Они пошли по вечереющим улицам. Она держала его под руку, и маленькая ее рука грела ему локоть через сукно. Для всех людей получение взаимной информации — путь к сближению — любовному, дружескому, соседскому или деловому. Но Таня не нуждалась в каких-либо сведениях, кроме тех, которые не создавались из самого присутствия человека, и не считала нужным что-либо сообщать о себе. В этом была мудрость: важна живая суть человека, а не то, что он о себе думает. Ведь, если всерьез, объективной передачи фактов не бывает, а лишь более или менее замаскированное отношение человека к этим фактам, иначе — к самому себе. И коль факты лично тебе неведомы, то и о человеке ты тоже ничего не узнаешь. А если тебя в самом деле интересует человек, из его молчания, отрывистых, малозначащих слов, равно как из всплесков сиюминутного чувства, жестов, походки, взглядов, улыбок, ты узнаешь о нем неизмеримо больше, нежели из самой подробной устной анкеты или рассказов о тех обстоятельствах жизни, которые тебе начисто неизвестны.
Но, увы, далеко не сразу осознал он Танину правоту. А до того долго и делано рассуждал о месте человека на войне, нарочито бесстрастно и полуискренне говорил об отношениях с женой, приведших к разрыву. Таня не помогала ему ни одним вопросом, ни словом оценки, согласия или несогласия. Ей вполне хватало зримой очевидности: его хромоты, палочки и свободы, позволяющей шататься по городу и не спешить к другой женщине.

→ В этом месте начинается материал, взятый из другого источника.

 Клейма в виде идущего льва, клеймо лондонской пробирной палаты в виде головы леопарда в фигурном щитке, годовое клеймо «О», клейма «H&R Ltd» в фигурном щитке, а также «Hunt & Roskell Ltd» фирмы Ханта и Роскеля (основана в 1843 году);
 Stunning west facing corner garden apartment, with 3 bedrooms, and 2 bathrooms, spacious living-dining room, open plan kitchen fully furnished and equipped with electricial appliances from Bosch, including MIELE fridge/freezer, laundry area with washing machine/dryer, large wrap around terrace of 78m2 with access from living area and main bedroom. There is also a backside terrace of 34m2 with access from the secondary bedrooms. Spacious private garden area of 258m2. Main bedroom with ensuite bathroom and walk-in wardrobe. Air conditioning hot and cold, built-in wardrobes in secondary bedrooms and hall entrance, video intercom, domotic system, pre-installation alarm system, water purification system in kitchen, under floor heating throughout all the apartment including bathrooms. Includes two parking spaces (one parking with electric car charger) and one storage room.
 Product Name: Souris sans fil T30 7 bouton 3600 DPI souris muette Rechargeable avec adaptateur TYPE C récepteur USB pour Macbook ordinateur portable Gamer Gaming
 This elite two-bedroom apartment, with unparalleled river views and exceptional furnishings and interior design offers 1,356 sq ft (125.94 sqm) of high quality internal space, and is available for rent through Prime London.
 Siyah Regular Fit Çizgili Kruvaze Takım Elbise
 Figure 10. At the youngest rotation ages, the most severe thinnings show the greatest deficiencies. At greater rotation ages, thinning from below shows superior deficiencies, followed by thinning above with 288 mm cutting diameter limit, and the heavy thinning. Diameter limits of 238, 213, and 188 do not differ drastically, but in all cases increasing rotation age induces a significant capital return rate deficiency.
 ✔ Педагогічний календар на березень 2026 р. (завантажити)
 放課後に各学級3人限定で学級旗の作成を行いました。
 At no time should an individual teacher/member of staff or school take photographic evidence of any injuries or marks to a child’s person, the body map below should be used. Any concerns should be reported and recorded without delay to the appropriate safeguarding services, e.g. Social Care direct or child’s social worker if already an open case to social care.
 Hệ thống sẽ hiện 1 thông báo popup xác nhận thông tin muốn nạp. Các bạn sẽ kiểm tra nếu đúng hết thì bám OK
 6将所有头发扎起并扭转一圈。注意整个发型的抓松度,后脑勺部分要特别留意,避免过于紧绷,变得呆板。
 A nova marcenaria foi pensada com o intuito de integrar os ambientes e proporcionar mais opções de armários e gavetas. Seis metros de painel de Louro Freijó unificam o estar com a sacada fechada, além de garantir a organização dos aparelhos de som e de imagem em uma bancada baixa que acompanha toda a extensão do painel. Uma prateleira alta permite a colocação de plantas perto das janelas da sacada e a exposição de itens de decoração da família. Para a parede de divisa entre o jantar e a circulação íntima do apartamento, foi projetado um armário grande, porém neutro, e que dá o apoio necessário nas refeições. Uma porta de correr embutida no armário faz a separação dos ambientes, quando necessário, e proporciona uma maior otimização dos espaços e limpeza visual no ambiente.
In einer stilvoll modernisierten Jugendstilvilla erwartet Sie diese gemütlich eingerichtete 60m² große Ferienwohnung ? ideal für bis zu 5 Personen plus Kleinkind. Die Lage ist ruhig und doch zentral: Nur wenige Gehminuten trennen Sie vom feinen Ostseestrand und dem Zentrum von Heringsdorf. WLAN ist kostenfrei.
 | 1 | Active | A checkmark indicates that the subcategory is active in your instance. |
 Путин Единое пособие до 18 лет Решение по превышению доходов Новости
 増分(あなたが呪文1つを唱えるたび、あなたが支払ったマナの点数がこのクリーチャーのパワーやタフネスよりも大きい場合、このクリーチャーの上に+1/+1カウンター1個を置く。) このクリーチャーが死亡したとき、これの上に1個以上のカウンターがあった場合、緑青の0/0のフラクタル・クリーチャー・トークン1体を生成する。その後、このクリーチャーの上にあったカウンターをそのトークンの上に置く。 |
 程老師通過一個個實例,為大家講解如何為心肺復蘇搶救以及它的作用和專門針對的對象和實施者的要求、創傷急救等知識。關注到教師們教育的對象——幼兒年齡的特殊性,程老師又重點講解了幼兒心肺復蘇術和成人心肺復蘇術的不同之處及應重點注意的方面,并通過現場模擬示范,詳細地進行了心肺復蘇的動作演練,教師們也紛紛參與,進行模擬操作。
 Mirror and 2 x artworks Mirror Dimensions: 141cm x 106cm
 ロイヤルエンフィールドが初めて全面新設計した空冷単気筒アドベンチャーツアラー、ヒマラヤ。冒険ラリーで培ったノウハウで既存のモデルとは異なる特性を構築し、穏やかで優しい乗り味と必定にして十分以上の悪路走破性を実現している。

«Скрытная она, что ли?» — удивлялся Петров, злясь на свою болтливость, отнюдь не чрезмерную, если бы у него был собеседник. Но Таню и вообще так не назовешь, она сомолчальница. Ну, а замолчи я тоже? Так и будем вышагивать Москву, словно за похоронными дрогами? Но проделать опыт он не решался. А Таня вовсе не была скрытной, на каждый в лоб поставленный вопрос она отвечала с легким вздохом — прямо и четко. Родители умерли. Давно. От скоротечной чахотки. Брат пропал без вести на войне. Ее тетка — старая дева. Они живут вдвоем. В институт она пошла не по выбору, а куда легко поступить.
Все эти сведения ни на волос не приближали его к Таниной сути, но удержаться было выше его сил. «А разве вы не могли избрать специальность по влечению?» — «Нет». — «Почему?» — «Меня не влечет ни к одной специальности». — «Но к чему-то вас все-таки влечет?» И, спокойно повернув к нему лицо с пушистыми ресницами, сейчас белыми от снежинок, она сказала: «К вам».
И тут он наконец замолчал из уважения к ее признанию и познал благость молчания.
Как же прекрасна тишина, возникающая между двумя! Они шли вдоль Москвы-реки, останавливались и смотрели на черную дымящуюся воду, кое-где прихваченную у берегов желтоватым льдом. Перед ними медленно всплывали в темнеющее небо аэростаты воздушного заграждения, и казалось, им тяжело и страшно подниматься туда, в пустоту над крышами и трубами, они по-осиному складывали толстое тело. И глубок, почти нетронут был голубоватый снег на тротуаре вдоль Кремлевской стены, а на проезжей части набережной изжеван до асфальтовой протеми шинами и гусеницами военной техники. И не по-городскому сахаристо белел снег на ветвях деревьев и в зубцах крепостной городьбы. Прохожие попадались редко — еще не кончился рабочий день, да с реки тянуло холодным ветром, и не было тут жилья — лишь стены, стены, а в разрывах — площади, и пешеходы, оберегая свое скудное тепло, не забредали даром на набережную.